Sontak saja Gala langsung terjatuh ke lantai, menambah kencang gelak tawa seisi ruangan (termasuk Bara yang tiba-tiba mentertawakan bagian Gala terjatuh walau tidak tau bagaimana ceritanya lengkapnya.)


Namun, disaat Bintang masih tertawa penuh kemenangan, Gala yang memang pada dasarnya tidak mau kalah lalu menarik celana aladin Bintang yang dalam waktu sekejap menampakkan kolor biru tua dengan gambar tranformers disisi kanannya.

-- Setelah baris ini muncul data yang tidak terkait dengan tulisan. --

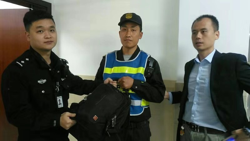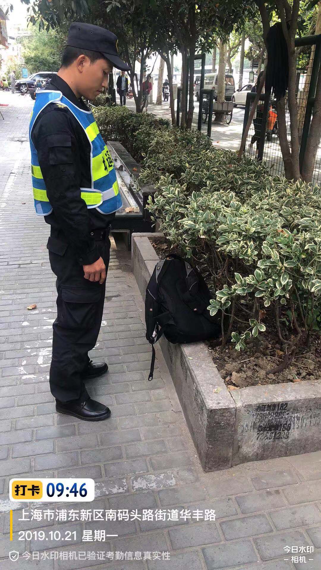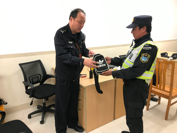 10月21日上午09:30分左右,宗保公司駐南碼頭項目隊員賈同偉,在南碼頭街道花豐路段巡查時(shí)發(fā)現一個(gè)黑色背包,遂聯(lián)系項目負責人王團結到現場(chǎng)處理。王團結趕到現場(chǎng)發(fā)現包內有一部筆記本電腦和其它物品,立即走訪(fǎng)附近的商戶(hù)和居民,無(wú)人認領(lǐng)。
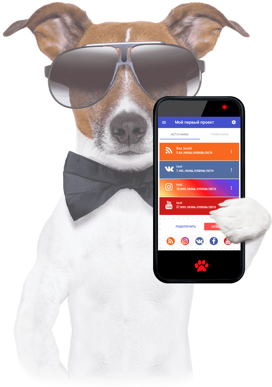 Чтобы настроить автопостинг в Instagram с помощью сервиса SEOlit, нужно подключить аккаунт в Instagram в качестве приёмника трансляции. Для этого в созданном проекте откройте вкладку «Приёмники» и выберите функцию «Подключить соцсеть». Программа откроет список приёмников, из которых нужно выбрать Instagram, заполнить поля «Название подключения» и ввести логин и пароль.
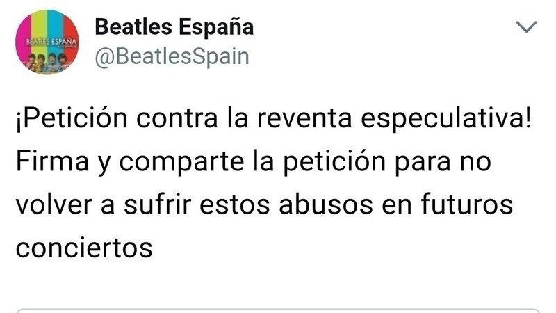 El club de fans de Beatles Spain ha compartido y se ha sumado a la petición para la prohibición de la reventa especulativa de entradas. Muchísimas gracias!

Dengan wajah memerah menahan malu, Bintang berusaha menarik kembali celananya yang justru di manfaatkan oleh Gala. Dengan gerakan cepat, Gala menarik tangan Bintang sampai terjatuh lalu menindih kakinya. Tangannya ia angkat tinggi-tinggi sebelum akhirnya mulai meng-gelitiki Bintang yang berada di bawah kekuasaannya.


“MAASS!! UWES MAASSS!!! AMPOONN!!”


Namun sayang beribu sayang, bukannya menolong, Bumi dan lainnya justru semakin tergelak. Guntur bahkan sampai gelendotan di kaki meja makan.
“Nyoh! Enak toh? Enak??” ucap Gala geram. Sedangkan Bintang menggeliat, melupakan celananya yang sudah melorot jauh di bawah. 


“FAJAAARRR!!! KELUAR KAMU!!!”


Suara melengking yang berasal dari luar rumah seakan menghentikan waktu. Bumi, Guntur dan Bara yang awalnya tertawa seketika terdiam. Gala yang dengan brutal menggelitiki Bintang pun seketika berhenti, begitupula dengan Bintang yang awalnya menggeliat seperti cacing kepanasan juga seketika berhenti. Jangankan mereka, cicak di samping jam dinding sampai ikut terdiam.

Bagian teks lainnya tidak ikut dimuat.